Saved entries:
┄┄┄┄┄┄┄┄┄┄

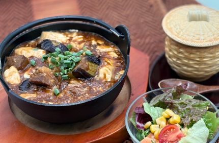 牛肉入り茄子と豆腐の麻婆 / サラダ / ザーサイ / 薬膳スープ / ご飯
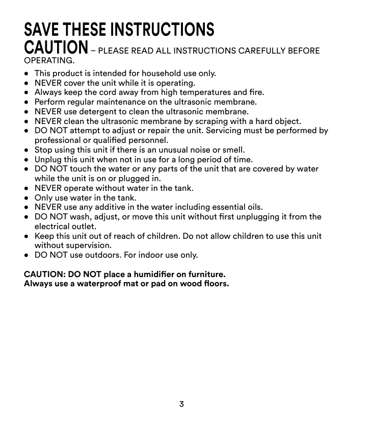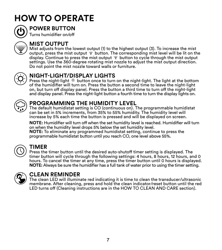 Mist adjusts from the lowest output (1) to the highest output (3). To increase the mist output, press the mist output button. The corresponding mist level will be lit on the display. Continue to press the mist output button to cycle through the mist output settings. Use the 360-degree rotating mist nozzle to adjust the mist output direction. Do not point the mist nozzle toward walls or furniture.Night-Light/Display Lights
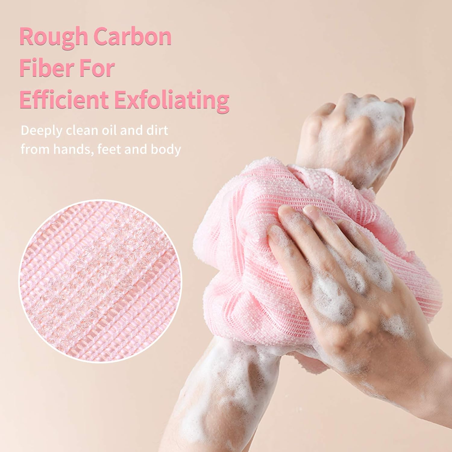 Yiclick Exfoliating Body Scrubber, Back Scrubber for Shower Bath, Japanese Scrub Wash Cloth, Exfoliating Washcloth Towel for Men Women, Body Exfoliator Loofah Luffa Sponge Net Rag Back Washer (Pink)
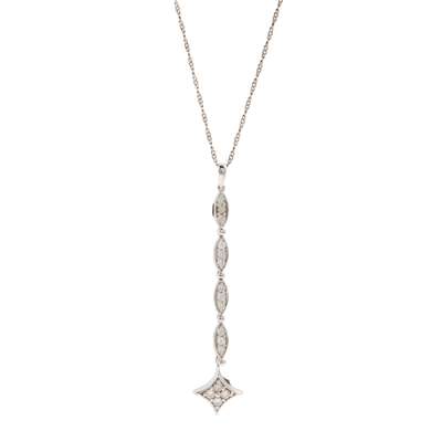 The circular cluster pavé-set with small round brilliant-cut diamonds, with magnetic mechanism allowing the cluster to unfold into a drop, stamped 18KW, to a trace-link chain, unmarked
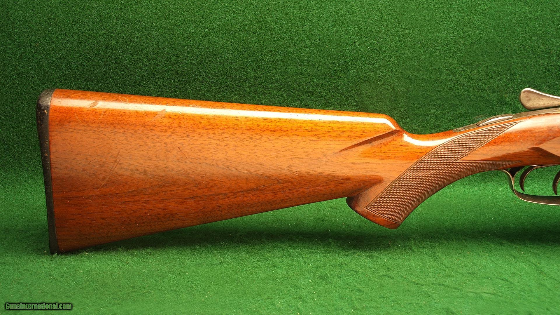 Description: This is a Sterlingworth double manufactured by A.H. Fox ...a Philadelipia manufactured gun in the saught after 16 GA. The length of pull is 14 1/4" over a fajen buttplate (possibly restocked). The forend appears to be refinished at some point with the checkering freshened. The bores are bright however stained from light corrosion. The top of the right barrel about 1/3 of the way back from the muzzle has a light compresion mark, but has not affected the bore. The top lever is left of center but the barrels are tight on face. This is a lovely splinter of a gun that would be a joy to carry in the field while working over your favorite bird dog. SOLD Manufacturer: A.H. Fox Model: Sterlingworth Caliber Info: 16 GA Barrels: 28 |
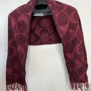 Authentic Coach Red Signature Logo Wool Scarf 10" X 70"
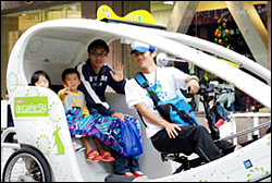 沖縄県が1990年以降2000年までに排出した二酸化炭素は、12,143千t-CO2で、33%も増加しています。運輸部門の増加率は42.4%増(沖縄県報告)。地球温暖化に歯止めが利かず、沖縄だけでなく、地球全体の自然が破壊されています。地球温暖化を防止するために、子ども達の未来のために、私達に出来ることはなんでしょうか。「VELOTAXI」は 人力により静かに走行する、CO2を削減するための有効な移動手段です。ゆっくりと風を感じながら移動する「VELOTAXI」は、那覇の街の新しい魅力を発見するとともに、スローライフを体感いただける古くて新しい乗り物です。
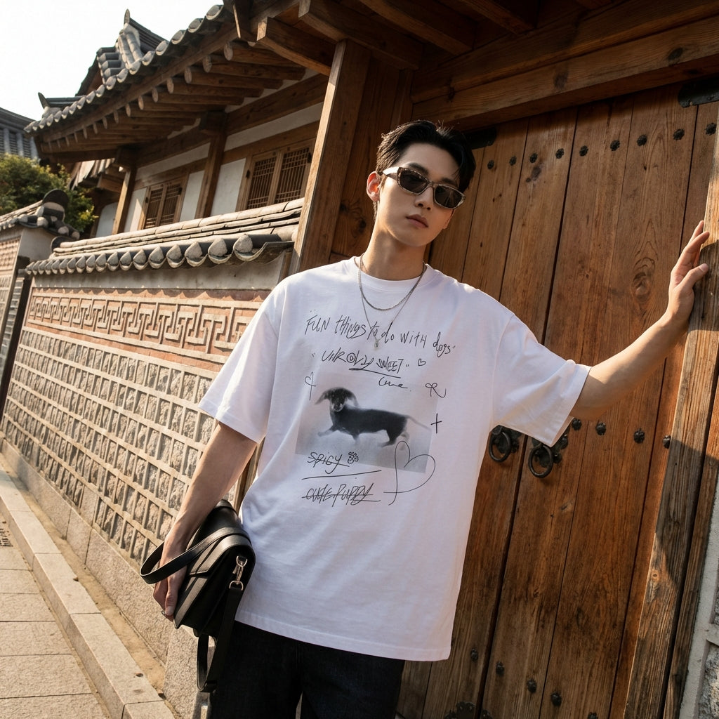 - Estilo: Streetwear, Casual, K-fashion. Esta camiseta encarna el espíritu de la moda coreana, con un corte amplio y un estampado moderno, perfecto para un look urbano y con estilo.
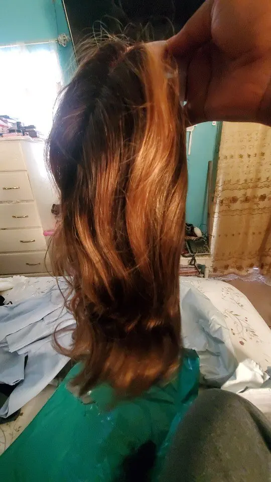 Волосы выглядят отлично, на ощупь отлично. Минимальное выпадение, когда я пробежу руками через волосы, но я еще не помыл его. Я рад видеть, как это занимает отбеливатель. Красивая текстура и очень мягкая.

┄┄┄┄┄┄┄┄┄┄

* Exercise details *
Quote the entries above word for word. Leave the images out.

* Answer section *
 牛肉入り茄子と豆腐の麻婆 / サラダ / ザーサイ / 薬膳スープ / ご飯
 Mist adjusts from the lowest output (1) to the highest output (3). To increase the mist output, press the mist output button. The corresponding mist level will be lit on the display. Continue to press the mist output button to cycle through the mist output settings. Use the 360-degree rotating mist nozzle to adjust the mist output direction. Do not point the mist nozzle toward walls or furniture.Night-Light/Display Lights
 Yiclick Exfoliating Body Scrubber, Back Scrubber for Shower Bath, Japanese Scrub Wash Cloth, Exfoliating Washcloth Towel for Men Women, Body Exfoliator Loofah Luffa Sponge Net Rag Back Washer (Pink)
 The circular cluster pavé-set with small round brilliant-cut diamonds, with magnetic mechanism allowing the cluster to unfold into a drop, stamped 18KW, to a trace-link chain, unmarked
 Description: This is a Sterlingworth double manufactured by A.H. Fox ...a Philadelipia manufactured gun in the saught after 16 GA. The length of pull is 14 1/4" over a fajen buttplate (possibly restocked). The forend appears to be refinished at some point with the checkering freshened. The bores are bright however stained from light corrosion. The top of the right barrel about 1/3 of the way back from the muzzle has a light compresion mark, but has not affected the bore. The top lever is left of center but the barrels are tight on face. This is a lovely splinter of a gun that would be a joy to carry in the field while working over your favorite bird dog. SOLD Manufacturer: A.H. Fox Model: Sterlingworth Caliber Info: 16 GA Barrels: 28 |
 Authentic Coach Red Signature Logo Wool Scarf 10" X 70"
 沖縄県が1990年以降2000年までに排出した二酸化炭素は、12,143千t-CO2で、33%も増加しています。運輸部門の増加率は42.4%増(沖縄県報告)。地球温暖化に歯止めが利かず、沖縄だけでなく、地球全体の自然が破壊されています。地球温暖化を防止するために、子ども達の未来のために、私達に出来ることはなんでしょうか。「VELOTAXI」は 人力により静かに走行する、CO2を削減するための有効な移動手段です。ゆっくりと風を感じながら移動する「VELOTAXI」は、那覇の街の新しい魅力を発見するとともに、スローライフを体感いただける古くて新しい乗り物です。
 - Estilo: Streetwear, Casual, K-fashion. Esta camiseta encarna el espíritu de la moda coreana, con un corte amplio y un estampado moderno, perfecto para un look urbano y con estilo.
 Волосы выглядят отлично, на ощупь отлично. Минимальное выпадение, когда я пробежу руками через волосы, но я еще не помыл его. Я рад видеть, как это занимает отбеливатель. Красивая текстура и очень мягкая.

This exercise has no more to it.